This morning, along with Cam Davies and Heather Hennessy, I was on a panel discussing marketing metrics and return on investment. This session was with the Strategic Marketing P2P group hosted by Communitech.
We each had 15ish minutes to present our thoughts on the subject, and then for the last 15 minutes or so we fielded questions from the audience.
It was a fun and insightful morning – read on for a summary of the presentations, and assorted notes and thoughts.
We presented in the order in which we’d randomly sat down on the elevated panelist chairs, so Cam led things off.
Cam is the Marketing Manager at Miovision, a local company that is playing an important role in reducing a bane on many a commuter’s life: vehicle congestion. I’ve chatted with Cam a few times before to exchange marketing ideas, and have found him to be very thoughtful and analytical, so I was excited to hear his presentation.
Cam began with a brief introduction of Miovision for context, and then got into the whole metrics and ROI thing. Right off the bat, he made a fantastic point: that it’s critical that you know what the company’s objectives are, so that you can determine how marketing contributes to those objectives – that’s a great starting point for knowing what matters and what you have to measure. Cam had me thinking, “Man, why didn’t I think to include that?!?”
In fact, I’ve written about the importance of knowing the company objectives on a couple of occasions (see here, and here), but just didn’t think to include that in my slides. So kudos to Cam for raising a vital point and setting a great foundation for Heather and myself.
Cam built on that starting point and illustrated some valuable metrics with some specific examples from his own experiences: how he’d built a market share/penetration analysis that was having direct influence on where sales and marketing investments were directed; and how Miovision has been consciously increasing their community awareness, and how they measured the progress and success of that initiative.

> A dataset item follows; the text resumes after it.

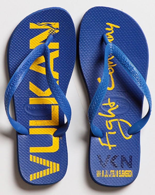 ビビッドな黄色のVUKAN ブルカンロゴが入ったビーチサンダル。 市場価格3500円のところ弊店価格は30%超オフ ソール幅は約1.8cmと高く、安定も良く履き安い天然ゴム100%です。 ビーチに道場に普段履きに今年の夏の一足に是非加えて頂きたい! このハワイアナスとブルカンのコラボは他では滅多に見られない非常にレアなデザインです。 日本サイズは下記を参考にしてください。 37/38 (23.5cm-25.0cm) 39/40(25.0cm-26.5cm)
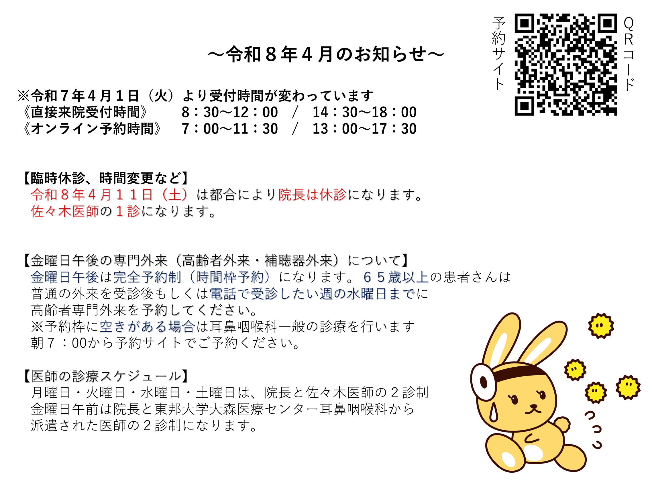 令和8年2月25日(水)佐々木医師の午後の診察は都合により5時までとなります。

Cam closed by emphasizing that it’s easy to get lost in the flood of marketing metrics (man, just Google it sometime and you’ll find Buzzfeed-style articles like “57 marketing metrics that will change your business!!!”), so it takes discipline, analysis, and experience to choose the meaningful ones.
Heather is the Manager, Strategic Marketing Programs at Desire2Learn (D2L), which is based in Kitchener. I hadn’t met Heather before, so had no idea what to expect from her presentation.
[As an aside…panels can be funny, especially when there’s little coordination between the panelists. We three hadn’t touched base on content, so there was always a chance that we’d go up and say wildly contradictory things.]
Conveniently enough, Heather had chosen a different focus for her segment: she focused on being results-oriented for communications activities.
She discussed the importance of measuring returns on different marketing channels, and how trimming the underperforming channels and tactics is part of the overall optimization process. She also spent time on the importance of knowing what actually matters, and not being distracted by neat things that actually don’t mean much (for instance, if you draw a thousand people to a webinar – that’s great – but what matters is how many leads you created).
As the Director, Product Marketing at Sandvine, I’m involved in quite a number of marketing activities, and, to a large extent, I set many of our overall marketing strategies. Plus, I’ve been in technology marketing for more than a decade, so I’ve seen and done quite a bit.
Consequently, the challenge for me in prepping my slides was choosing what to include and what to omit.
I decided to go with a strategy of:
- Context (e.g., my environment, challenges we face)
- My generalized approach/philosophy: Objectives → Strategies → Tactics
- Illustrative examples from my own experience
- …with some common pitfalls/mistakes to avoid sprinkled throughout
The examples I chose were:
- What metrics matter to us when we release a new Global Internet Phenomena report? Thanks to Dan Deeth for contributing to this part.
- The fantastic results we had when we ungated all our deep, technical marketing whitepapers and technology showcase documents
- A surge in organic discovery that tied directly to a conscious strategic content update
- Some lead gen activities built around whitepapers, and comparing the cost per lead across channels
My hope was that these examples would show the diversity of metrics that mattered, and how the actual return on marketing investment is a complicated beast.
The common mistakes against which I cautioned were:
- Starting with tactics
- Arbitrary targets
- Ignoring qualitative assessments
- Fear of failure
True to usual form, I included two references to The Simpsons.
As I usually do in such situations, I tried to build on what the previous presenters had said, and the points that they’d made. This proved quite easy to do, as their points were very solid and well-articulated.
In general, we presented three unique perspectives that shared common philosophies of understanding objectives, measuring what matters, and avoiding distraction.
Most of the Strategic Marketing P2P sessions have a single speaker. This model works well, as you get to hear an expert go into depth on a subject, but it also means that you’re really only hearing one perspective, one point of view.
The downside of the panel is that you get a shorter time with each presenter; the upside is that you hear different perspectives. For the younger professional in the room, I think the diversity of perspectives is very important, as it will prevent them from falling into a trap of thinking that there’s a one-size-fits all solution to the challenges associated with finding meaningful marketing metrics.